Take the listing below and print exactly the lines starting at the line containing "RUSSIA. SAN PIETROBURGO." and ending at the line containing "这是ζ函数与素数的联系的朦胧", both ends included, and no others.

══ DATA TO USE ══

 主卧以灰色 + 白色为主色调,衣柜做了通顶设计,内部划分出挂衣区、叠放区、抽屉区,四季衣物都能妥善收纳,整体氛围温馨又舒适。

═══
══ DATA TO USE ══

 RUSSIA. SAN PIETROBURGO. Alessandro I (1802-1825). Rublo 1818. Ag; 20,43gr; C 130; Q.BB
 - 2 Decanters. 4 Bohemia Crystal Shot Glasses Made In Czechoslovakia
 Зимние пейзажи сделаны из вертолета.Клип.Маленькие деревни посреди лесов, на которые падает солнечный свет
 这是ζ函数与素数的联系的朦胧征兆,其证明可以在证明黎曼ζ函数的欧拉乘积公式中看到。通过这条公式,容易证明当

═══

## EXERCISE OUTPUT:
 RUSSIA. SAN PIETROBURGO. Alessandro I (1802-1825). Rublo 1818. Ag; 20,43gr; C 130; Q.BB
 - 2 Decanters. 4 Bohemia Crystal Shot Glasses Made In Czechoslovakia
 Зимние пейзажи сделаны из вертолета.Клип.Маленькие деревни посреди лесов, на которые падает солнечный свет
 这是ζ函数与素数的联系的朦胧征兆,其证明可以在证明黎曼ζ函数的欧拉乘积公式中看到。通过这条公式,容易证明当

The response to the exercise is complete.